Some Google voices don't work (Journey and Studio)
When trying to use Google's Journey or Studio voices, I get this error:
A couple of months back, I experienced some issues with Journey voices in some other software, due to Google changing the way they accept API requests for Journey voices. They never supported pitch and speed adjustments, but now, the API call must not include those parameters at all, or else it will return an error. Additionally, Journey voices must be requested in WAV format, MP3 and OGG do not work. I'm not sure if this is the same reason why they don't work in Read Aloud, but it might help. I do have my GCP API key entered in settings.

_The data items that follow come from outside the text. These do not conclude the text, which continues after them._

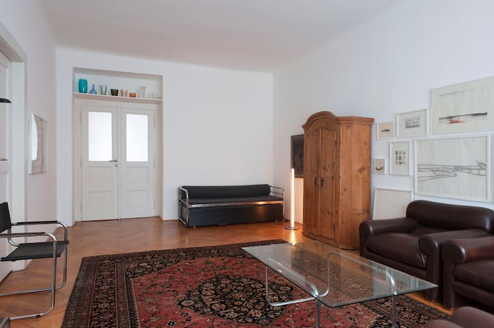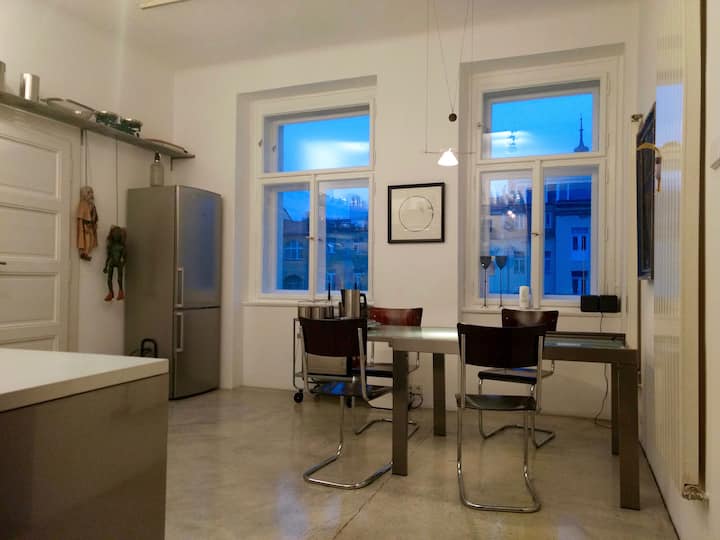 Здравейте! Брат ми и аз отдаваме под наем семейното ни жилище в Прага. Апартаментът ни винаги е готов за гости като вас. Обичаме да поддържаме апартамента чист, както бихте очаквали да бъде в добър хотел. Но това не е хотел, а дом. Ако изберете да отседнете при нас, наистина се надяваме, че апартаментът ще бъде и вашият дом далеч от дома.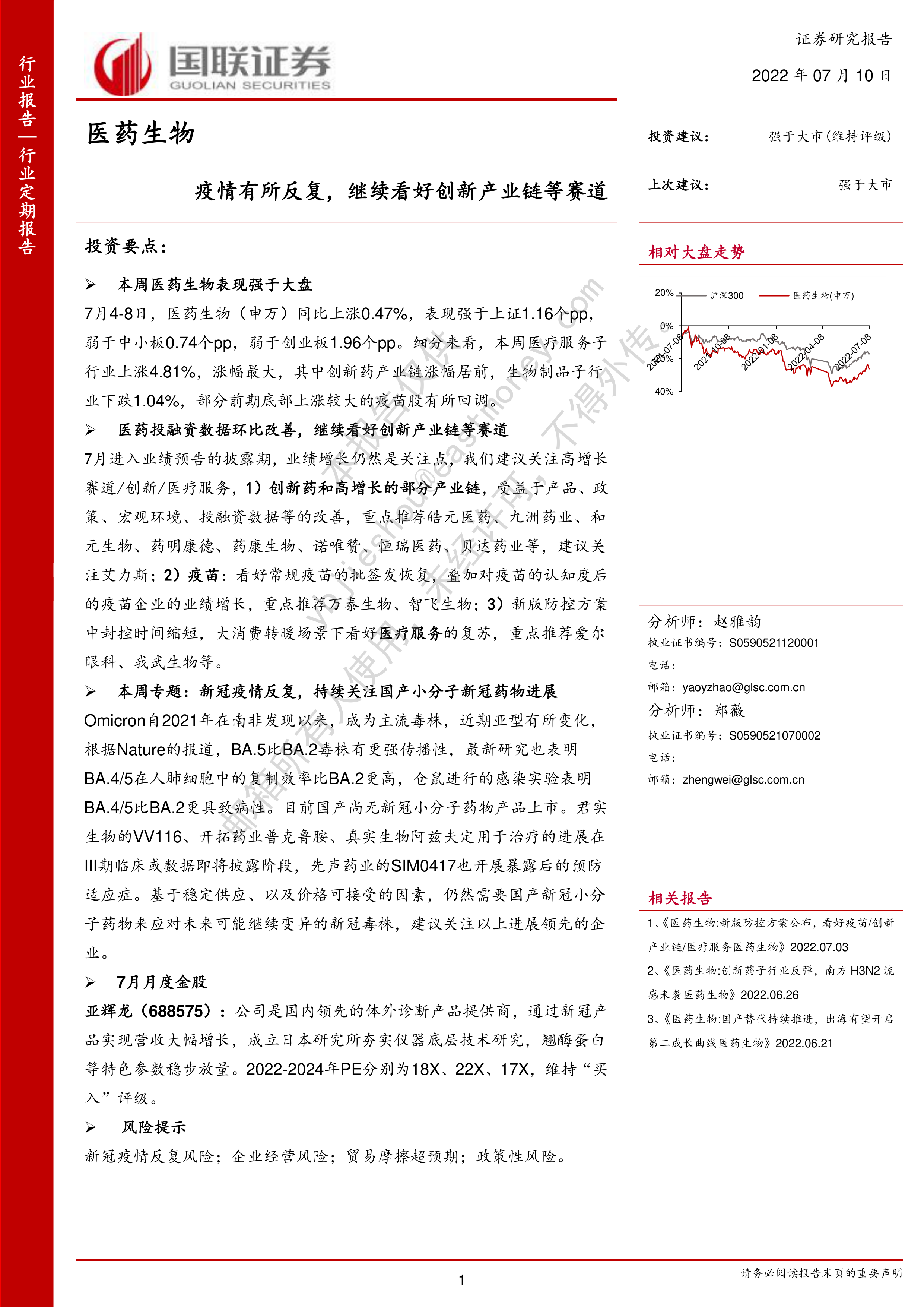 医药生物行业定期报告:疫情有所反复,继续看好创新产业链等赛道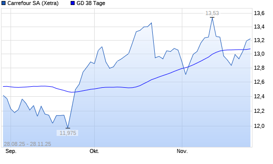 Mit dem Anstieg auf 13,19 EUR hat die Carrefour-Aktie am 27.11.2025 die 38-Tage-Linie nach oben gekreuzt.Die Carrefour-Aktie befindet sich seit dem 26.11.2025 im langfristigen Aufwärtstrend ...weiterlesen
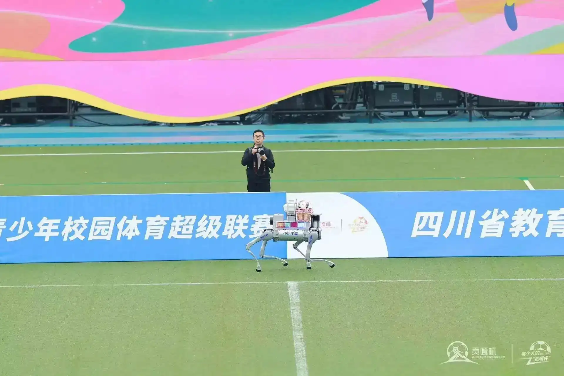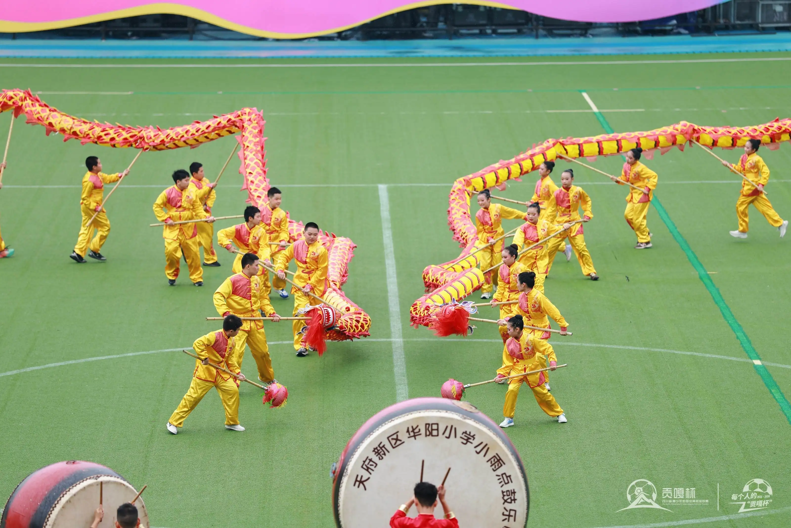 开幕式结束后,机器狗送上比赛用球,成都蓉城俱乐部中超主力中后卫杨帅为比赛开球,揭幕战正式打响,由四川天府新区籍田小学对阵资中县水南镇中心学校,两支平均年龄不满11岁的女子球队展开激烈对抗,充分展现了拼搏精神与校园体育的蓬勃生命力。
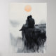 Uma pintura minimalista e emocional de um casal sentado num penhasco, mirando num pôr do sol sereno com um sol laranja. Esta trabalho de arte evocativa captura intimidade e amor, perfeita para espaços ou presentes românticos, trazendo tranquilidade e beleza a qualquer lugar.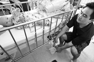 9月13日,在上海新華醫院兒科病房,王文樹為不滿周歲的兒子王小龍清理尿液。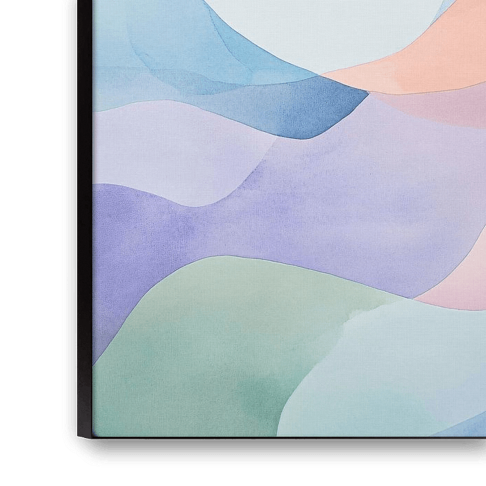 Dit ontwerp straalt rust en subtiliteit uit met zachte golvende lijnen en harmonieuze pastelkleuren. Ideaal voor interieurdecoratie in ruimtes waar een kalmerende en serene sfeer gewenst is, zoals slaapkamers of woonkamers. De aquareltechniek geeft een gevoel van verfijning en tijdloosheid. De organische vormen en zachte overgangen tussen kleuren maken het een veelzijdig ontwerp dat zowel in moderne als klassieke interieurs past. Perfect voor gebruik als muurdecoratie of achtergrond voor diverse creatieve projecten.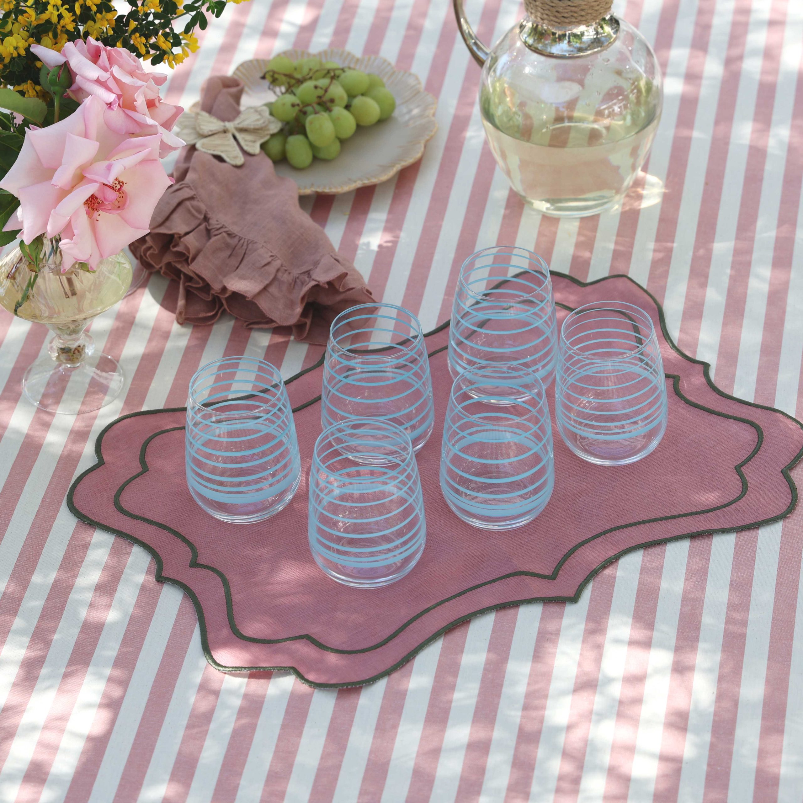 Estos preciosos vasos con sus alegres remolinos azules son el toque de color perfecto para tus mesas. Son ideales para agua o para tus cócteles.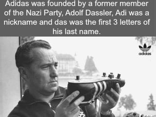 Adidas is a German multinational corporation founded in 1949 that designs and manufactures sports clothing and accessories. It was founded by Adolf "Adi" Dassler and is headquartered in Herzogenaurach, Germany. Adidas has two major competitors, Puma and Nike. It has grown significantly over the years through strategic acquisitions such as Reebok and by sponsoring major sporting events and athletes. The three parallel stripes are the well-known logo and brand identity of Adidas.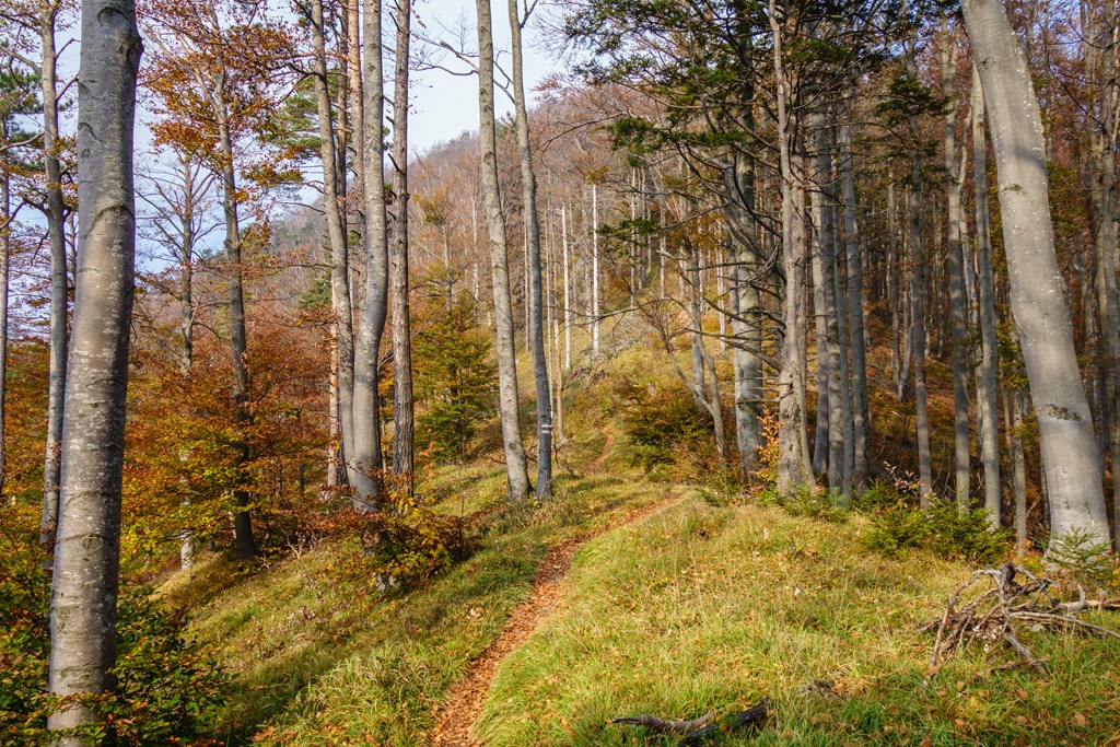 11:20-kor kerekedem fel, hogy a klasszikus Enziansteigen cammogjak le a völgybe. Igen, cammogást írok, mert szépen, lassan, komótosan akarok elbúcsúzni a hosszantartó ősztől. A hangulatom követi a csendes elmúlást hirdető idő szomorkás mintázatát. Okkal, sajnos.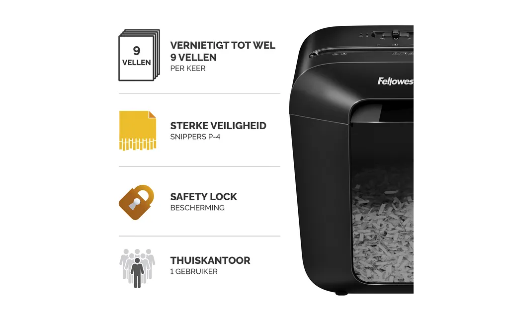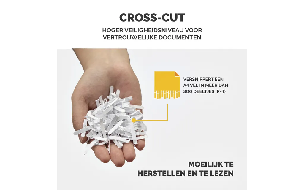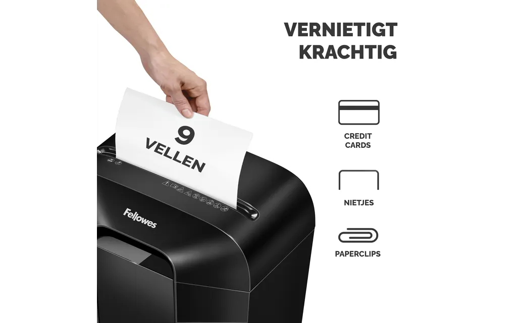 Je vernietigt moeiteloos tot 9 A4-vellen per keer, inclusief kleine metalen onderdelen. Met de 15 liter opvangbak kun je langere tijd doorgaan zonder te legen.
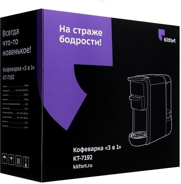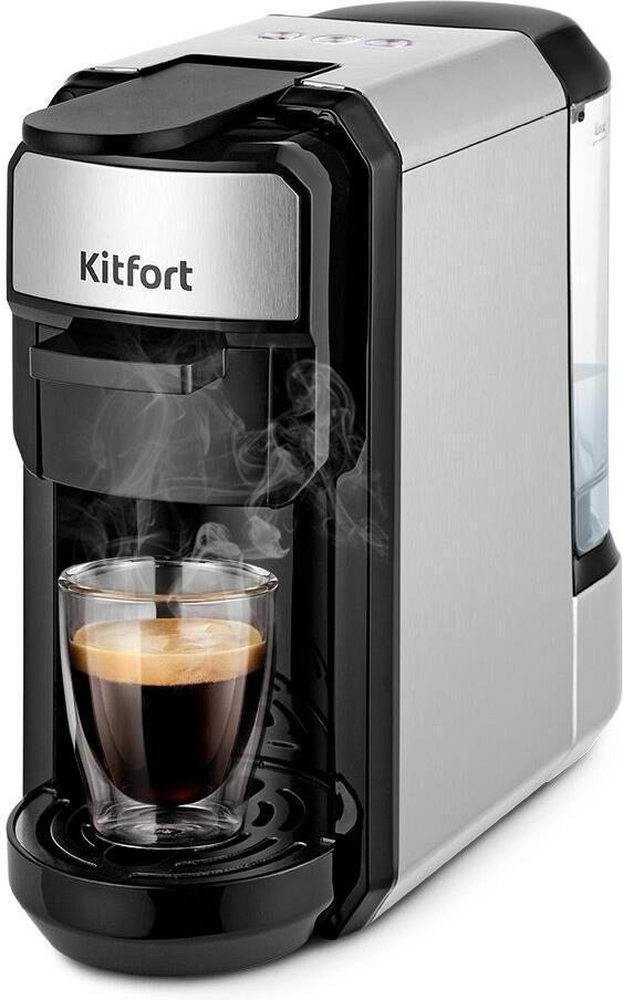 KITFORT Капсульная кофеварка КТ-7192, 1450Вт, цвет: серебристый

Bumping this, as it's still an issue. These voices work flawlessly using https://github.com/pgmichael/wavenet-for-chrome, however I use Firefox now, so that extension is out of reach. Hopefully this can be resolved in Read Aloud on both platforms.
Fixed in version 2.19 by 0b03da0723f44303c4694b155fd798d3537c912b
Google Journey voices have been renamed to Chirp-HD
Sorry to bump this - is there any way I can get this update early on Firefox? Seems like I'm stuck on 1.77 and there aren't any updates available. If not, is there a timeline for the rollout on Firefox?
Thank you
No problem, i submitted version 1.78 pending approval, which can take a week or more. It has fix to support Studio and Journey (which has been renamed Chirp-HD) voices.
Thank you! I'll keep an eye out for it
I've got version 1.78 now, and unfortunately it seems like things are still not working with Google's voices. I do have my API key added to the settings menu. The original Chirp voices do have a different error now, though.
It may be worth exploring the source code of Wavenet For Chrome. While I'm not a programmer, I use these Google voices everywhere, and so far that has been the absolute best implementation of them.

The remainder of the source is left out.